During handling of the above exception, another exception occurred:
dataprofiler/tests/validators/test_base_validators.py:4: in <module>
    from dask import dataframe as dd
/opt/hostedtoolcache/Python/3.10.13/x64/lib/python3.10/site-packages/dask/dataframe/__init__.py:87: in <module>
    if _dask_expr_enabled():
/opt/hostedtoolcache/Python/3.10.13/x64/lib/python3.10/site-packages/dask/dataframe/__init__.py:24: in _dask_expr_enabled
    raise ValueError("Must install dask-expr to activate query planning.")
E   ValueError: Must install dask-expr to activate query planning.
=============================== warnings summary ===============================
dataprofiler/tests/profilers/test_histogram_utils.py:35
  /home/runner/work/DataProfiler/DataProfiler/dataprofiler/tests/profilers/test_histogram_utils.py:35: PytestCollectionWarning: cannot collect test class 'TestColumn' because it has a __init__ constructor (from: dataprofiler/tests/profilers/test_histogram_utils.py)
    class TestColumn(NumericStatsMixin):

dataprofiler/tests/profilers/test_numeric_stats_mixin_profile.py:[21](https://github.com/capitalone/DataProfiler/actions/runs/8282560184/job/22663633408?pr=1090#step:6:22)
  /home/runner/work/DataProfiler/DataProfiler/dataprofiler/tests/profilers/test_numeric_stats_mixin_profile.py:21: PytestCollectionWarning: cannot collect test class 'TestColumn' because it has a __init__ constructor (from: dataprofiler/tests/profilers/test_numeric_stats_mixin_profile.py)
    class TestColumn(NumericStatsMixin):

dataprofiler/tests/profilers/test_numeric_stats_mixin_profile.py:[34](https://github.com/capitalone/DataProfiler/actions/runs/8282560184/job/22663633408?pr=1090#step:6:35)
  /home/runner/work/DataProfiler/DataProfiler/dataprofiler/tests/profilers/test_numeric_stats_mixin_profile.py:34: PytestCollectionWarning: cannot collect test class 'TestColumnWProps' because it has a __init__ constructor (from: dataprofiler/tests/profilers/test_numeric_stats_mixin_profile.py)
    class TestColumnWProps(TestColumn):

gliptak avatar Mar 14 '24 14:03 gliptak

@gliptak yeah I just started seeing this yesterday due to the package change by dask on the 12th. Haven't had the bandwidth to research why.
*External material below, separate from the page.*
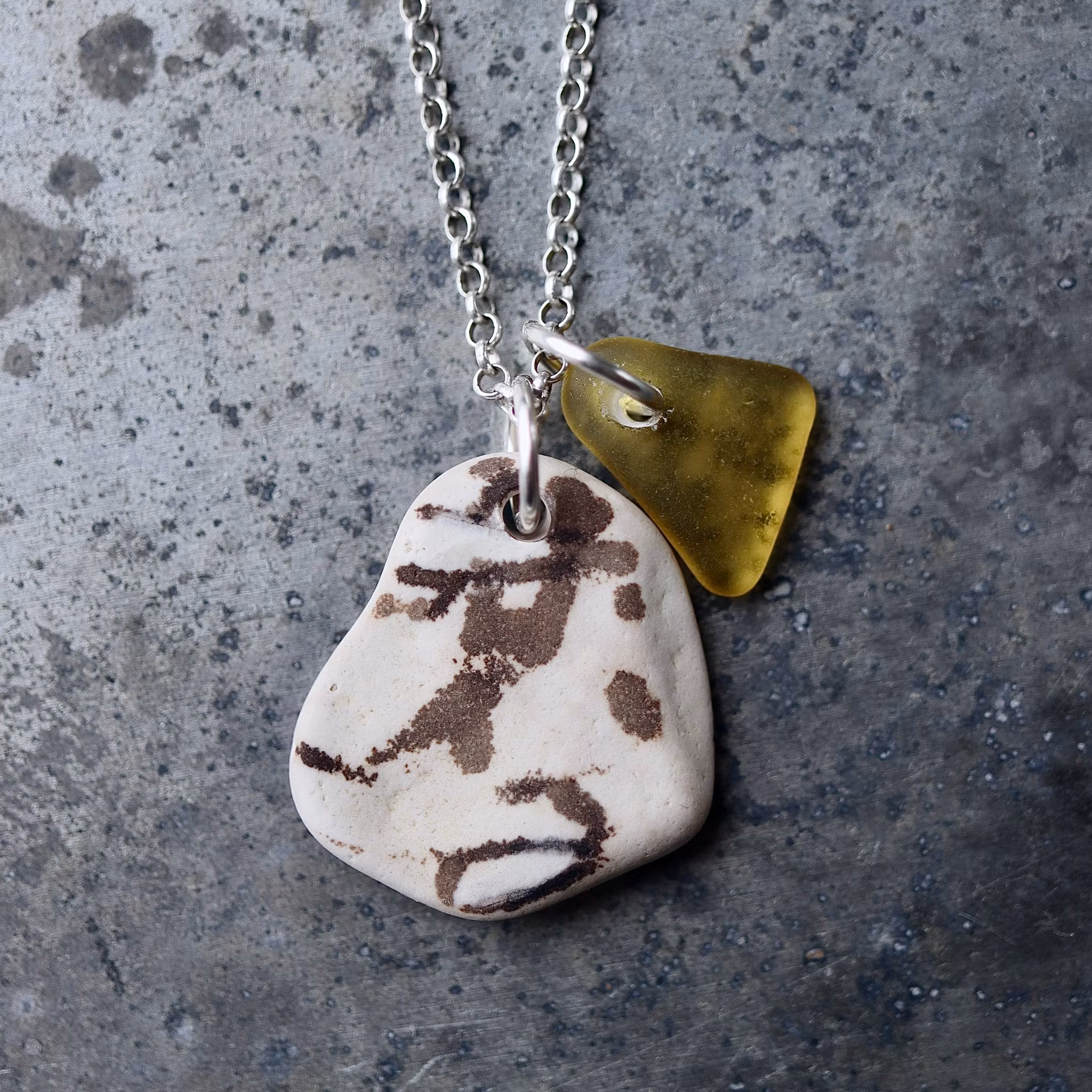 Havsglaset och havsporslinet är samlat längs Skånes stränder och helt obearbetat, endast varsamt tvättat och borrat.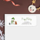 Simple and cute Happy Holidays return address label with an illustration of a cute snowman and some animals. Perfect complement for your Christmas stationery. Illustrated and designed by Patricia Alvarez.

I'd imagine a simple tag to not allow for this version would be a temporary fix to unblock

taylorfturner avatar Mar 14 '24 14:03 taylorfturner

seeing on #1115 too from @carlsonp

taylorfturner avatar Mar 14 '24 15:03 taylorfturner

https://github.com/capitalone/DataProfiler/actions/runs/8282934358/job/22664948501

2024-03-14T15:03:11.8884631Z WARNING: dask 2024.3.0 does not provide the extra 'dask-expr'

https://github.com/dask/dask-expr/issues/968 https://github.com/dask/dask/issues/10917 https://docs.dask.org/en/stable/changelog.html#v2024-3-0

gliptak avatar Mar 14 '24 15:03 gliptak

@taylorfturner corrected dask modules install

now there is a Keras(?) error https://github.com/capitalone/DataProfiler/actions/runs/8283138450/job/22665615645?pr=1090

gliptak avatar Mar 14 '24 15:03 gliptak

@taylorfturner corrected dask modules install

now there is a Keras(?) error https://github.com/capitalone/DataProfiler/actions/runs/8283138450/job/22665615645?pr=1090

I'll have to take a look at this later -- its failing on the 3.11 check which makes me think there is something specific to that version of python and the dependencies / library that it doesn't like. I've seen a couple things from back in January about TF and 3.11 incompatibility ... though it does look like 3.11 is supported by keras here

taylorfturner avatar Mar 14 '24 16:03 taylorfturner

@taylorfturner please guide on build errors (present for all Python versions)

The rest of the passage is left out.